TASK REQUIREMENTS: Write out the data exactly, please, and omit the pictures.

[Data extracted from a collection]
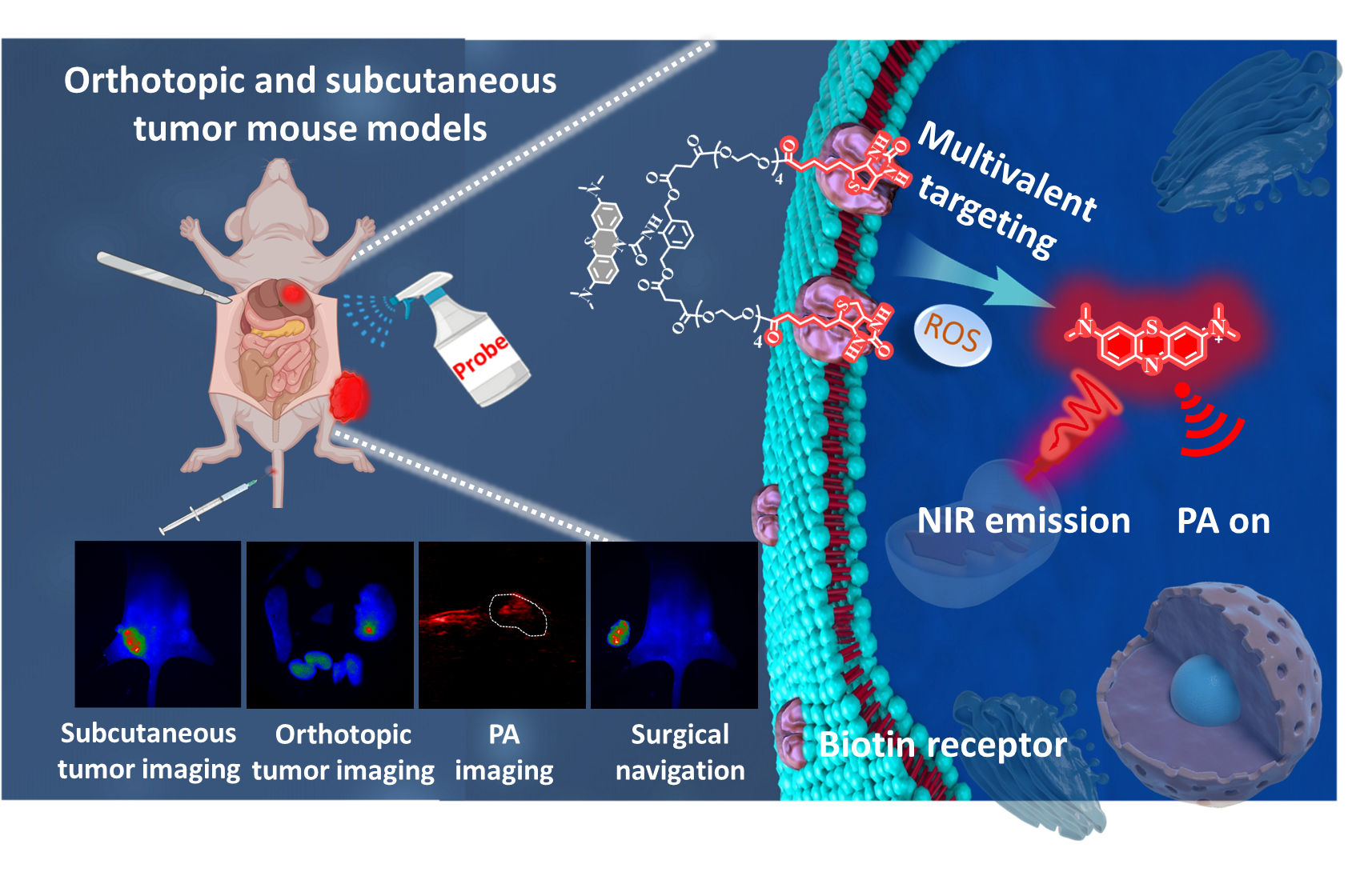 针对上述问题,刘飞扬博士联合东华大学团队,对临床染料MB进行结构优化,成功构建了一种生物素介导的可激活型肿瘤成像探针。该探针通过增强的配体-受体相互作用,显著提升了对肿瘤的靶向识别能力与成像灵敏度,在小鼠异种移植皮下瘤和肝脏原位肿瘤模型中,展现出优异的肿瘤选择性,尤其在识别微小肿瘤(直径约3 mm)方面表现突出。此外,该探针在荧光手术导航中能够准确描绘肿瘤边界,有效辅助肿瘤组织的完整切除,显著降低术后复发风险。该成果有望为光学成像引导下的肿瘤精准手术切除提供新型、实用的分子工具。
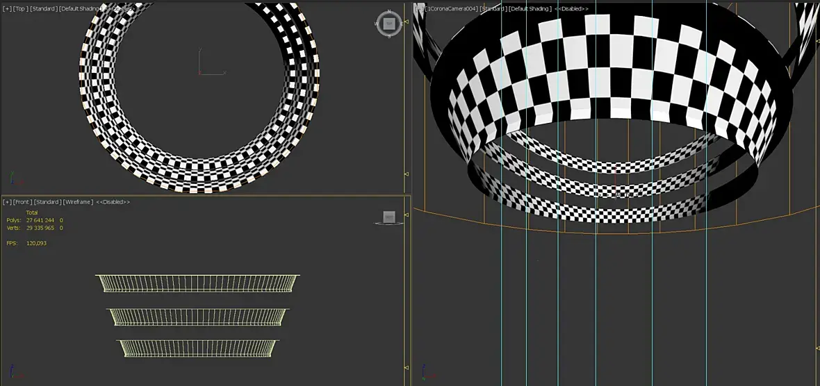 Как сделать чтоб на такой геометрии вертикали текстуры стали строго вертикальными со всех ракурсов? (соответствовали голубым направляющим). Я так понимаю, что текстуринг тут должен исказится и стать вроде как коническим, но как это сделать, я не могу понять. Ну и еще чтоб с любой точки этого круга как бы мы не стали, надо чтоб были вертикали вертикальными.
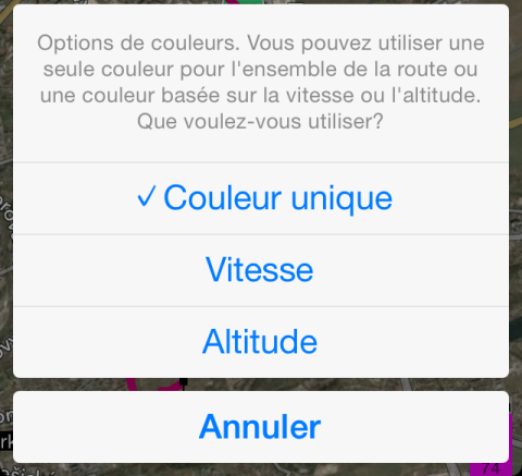 Une route enregistrée peut être affichée sur une carte, colorée par la vitesse ou l’altitude. Appuyez sur une boîte violette avec des valeurs de vitesse minimum, moyenne et maximum pour ouvrir les options de coloration de la route:
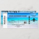 A beautiful sea side image is the background for this unique Boarding Pass Destination Tropical beach business card.
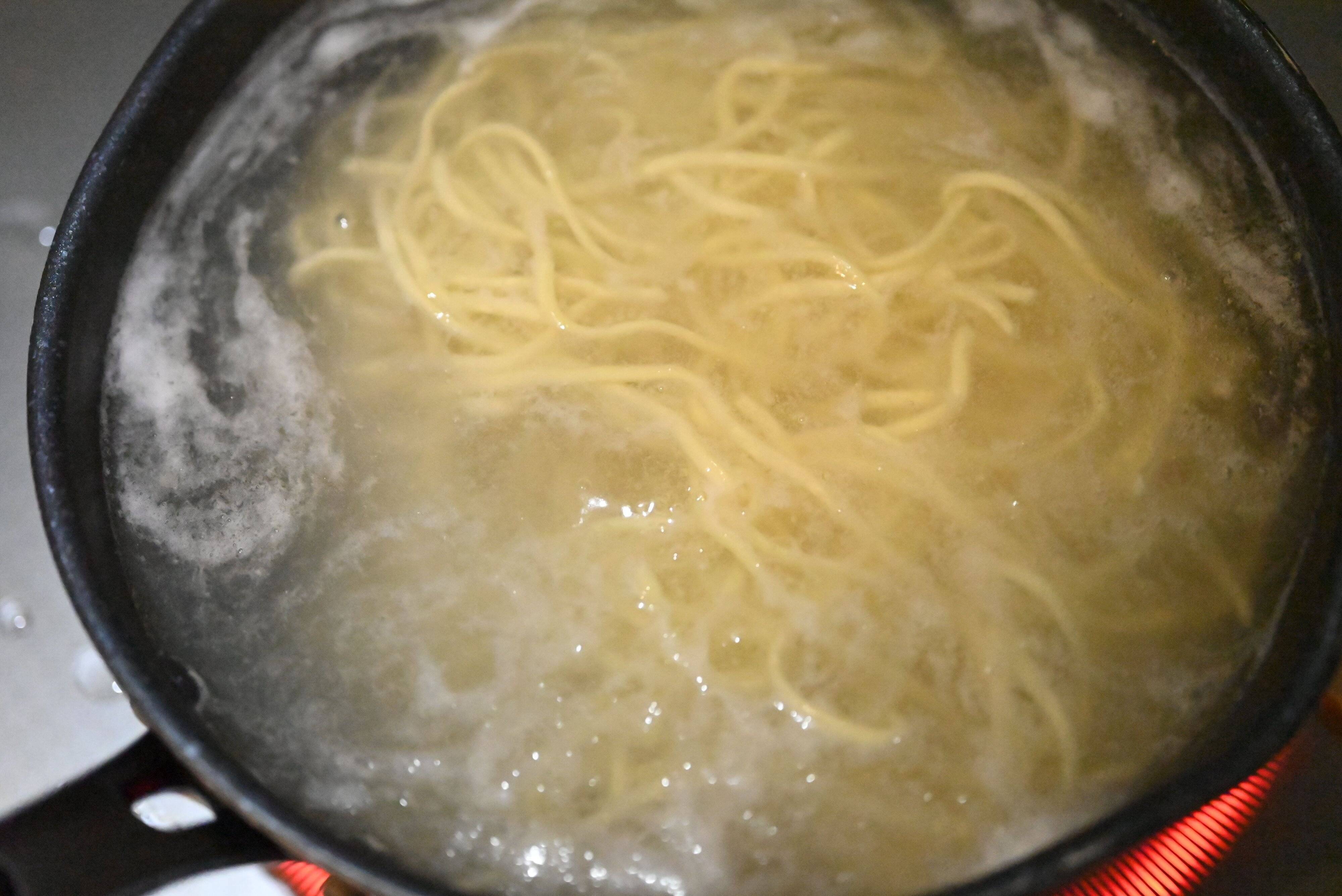 (1)大きめの鍋にたっぷり湯を沸かし、麺を3分ゆでる。

OUTPUT OF THE TASK:
 针对上述问题,刘飞扬博士联合东华大学团队,对临床染料MB进行结构优化,成功构建了一种生物素介导的可激活型肿瘤成像探针。该探针通过增强的配体-受体相互作用,显著提升了对肿瘤的靶向识别能力与成像灵敏度,在小鼠异种移植皮下瘤和肝脏原位肿瘤模型中,展现出优异的肿瘤选择性,尤其在识别微小肿瘤(直径约3 mm)方面表现突出。此外,该探针在荧光手术导航中能够准确描绘肿瘤边界,有效辅助肿瘤组织的完整切除,显著降低术后复发风险。该成果有望为光学成像引导下的肿瘤精准手术切除提供新型、实用的分子工具。
 Как сделать чтоб на такой геометрии вертикали текстуры стали строго вертикальными со всех ракурсов? (соответствовали голубым направляющим). Я так понимаю, что текстуринг тут должен исказится и стать вроде как коническим, но как это сделать, я не могу понять. Ну и еще чтоб с любой точки этого круга как бы мы не стали, надо чтоб были вертикали вертикальными.
 Une route enregistrée peut être affichée sur une carte, colorée par la vitesse ou l’altitude. Appuyez sur une boîte violette avec des valeurs de vitesse minimum, moyenne et maximum pour ouvrir les options de coloration de la route:
 A beautiful sea side image is the background for this unique Boarding Pass Destination Tropical beach business card.
 (1)大きめの鍋にたっぷり湯を沸かし、麺を3分ゆでる。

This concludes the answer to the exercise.